- Also known as: SoliPsiK; SepPuKu; Surgical Penis Klinik; System Planning Korporation; Sozialistisches Patienten Kollektiv;
- Origin: Sydney, Australia
- Genres: Industrial rock; noise rock; post-industrial; electronic rock; new wave; synth-rock; dark wave; neoclassical dark wave; dark ambient;
- Years active: 1978–1988; 2025;
- Labels: Side Effects; M Squared; Nettwerk; WEA; Industrial; Mute; Fresh Sounds; Regular; Thermidor;
- Members: Graeme Revell Robert Revell
- Past members: Neil Hill Danny Rumour David Virgin Dominik Guerin James Pinker Karel van Bergen John Murphy Derek Thompson Brian Williams Sinan Leong Jeff Bartolomei Mary Bradfield-Taylor Sam McNally Jan Thornton Karina Hayes Paul Charlier Kit Quarry

= SPK (band) =

Australian industrial and noise music group

SPK are an industrial music group formed in Sydney, Australia in 1978. They are fronted by mainstay member, Graeme Revell, on keyboards and percussion. In 1980 the group traveled to the United Kingdom where they recorded their debut studio album, Information Overload Unit (1981).

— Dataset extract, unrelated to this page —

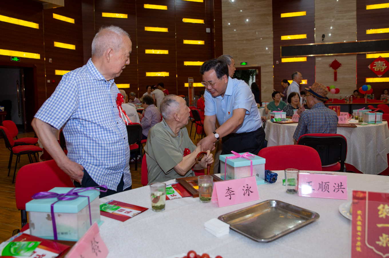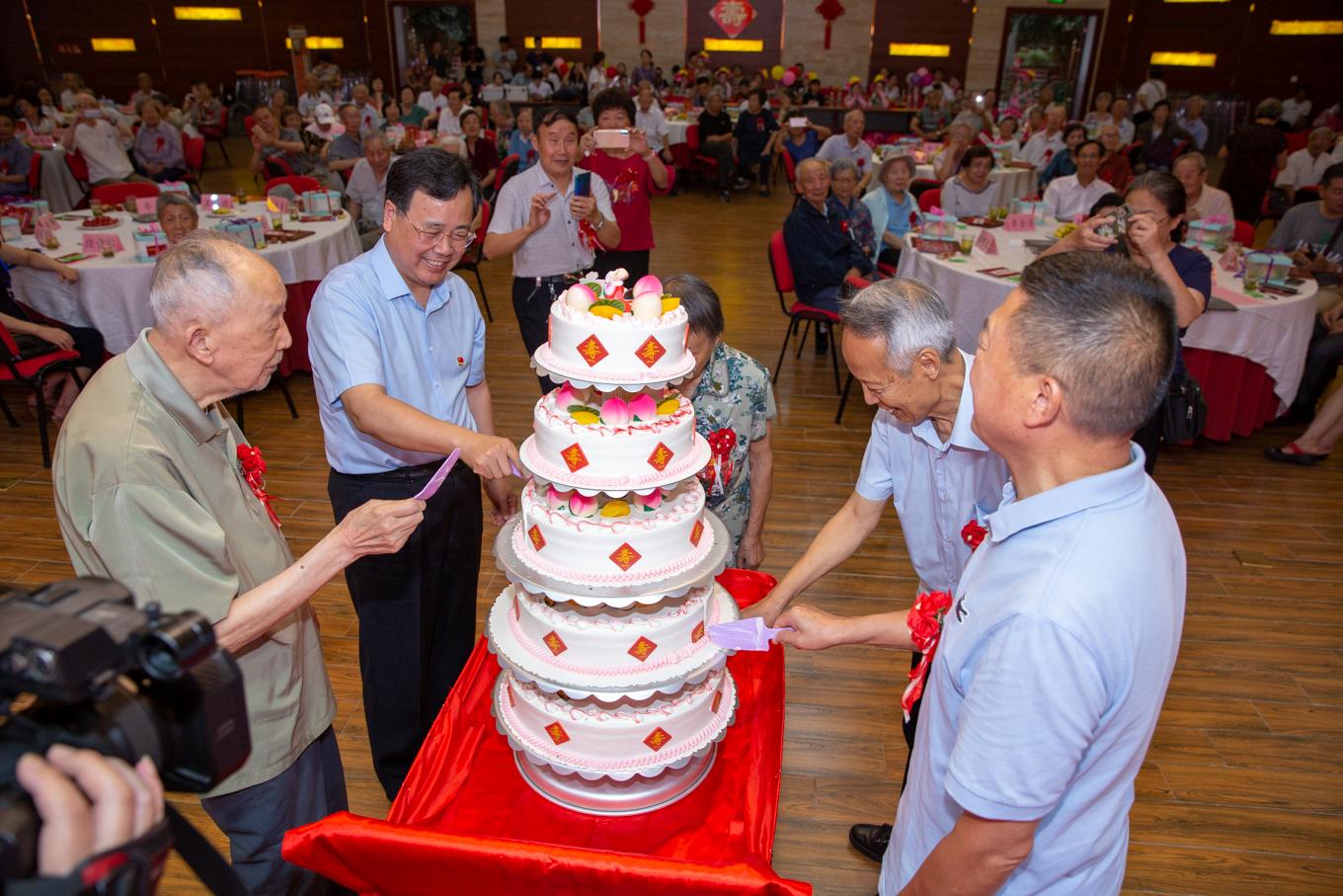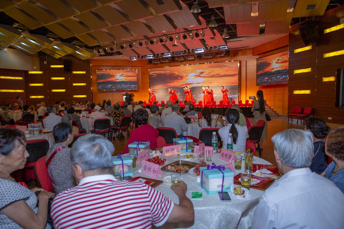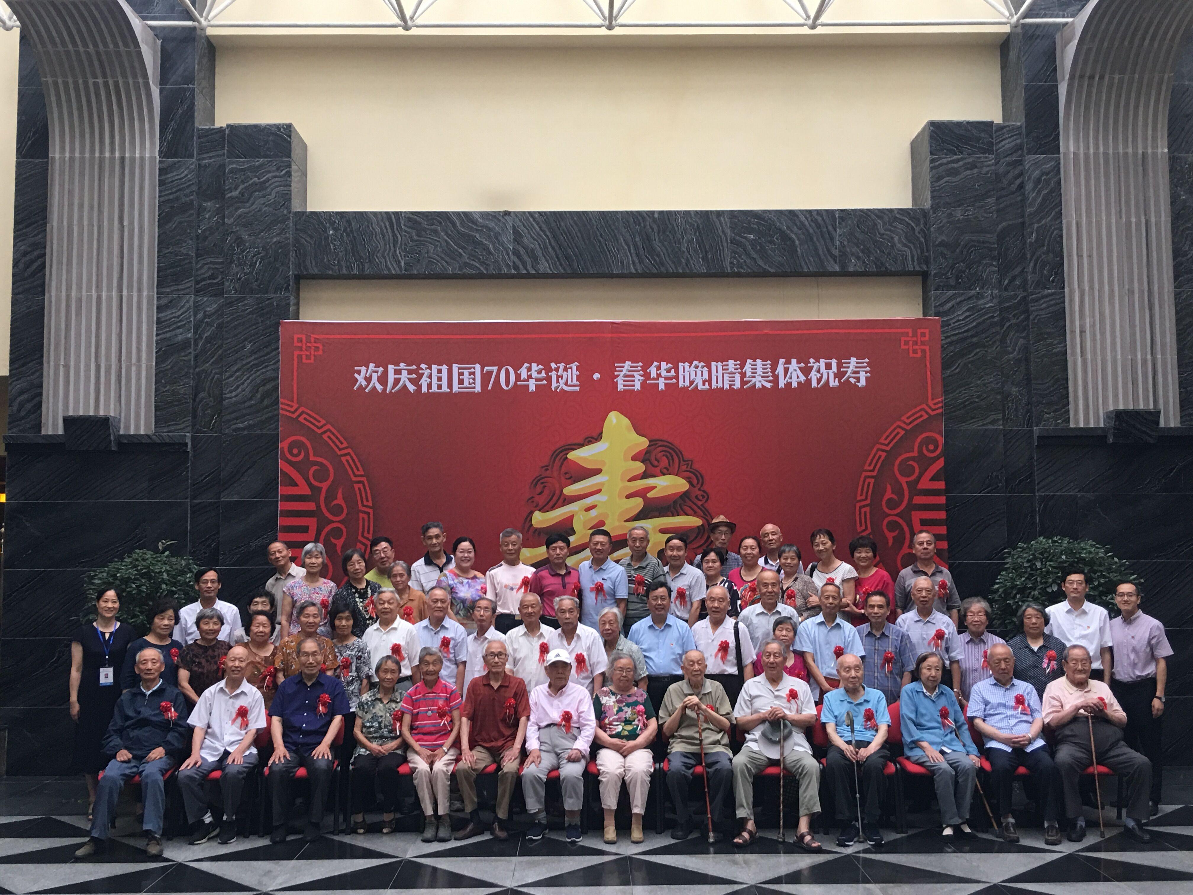 集体祝寿活动在响遍全场的《我和我的祖国》大合唱中圆满落下帷幕。53名老寿星和与会领导在大幅的“寿”墙前合影留念。

According to Australian rock music historian Ian McFarlane, SPK were "at the forefront of the local post-punk, electronic/experimental movement of the late 1970s ... [their] music progressed from discordant, industrial-strength metal noise to sophisticated and restrained dance-rock with strange attributes".

In 1983, Sinan Leong joined on lead vocals, after which the group pursued a more commercial industrial dance style with the single "Junk Funk" and their third studio album, Machine Age Voodoo (1984). The group disbanded in 1988. Two years later Revell and Leong relocated to the United States, where Revell worked as a Hollywood film score composer.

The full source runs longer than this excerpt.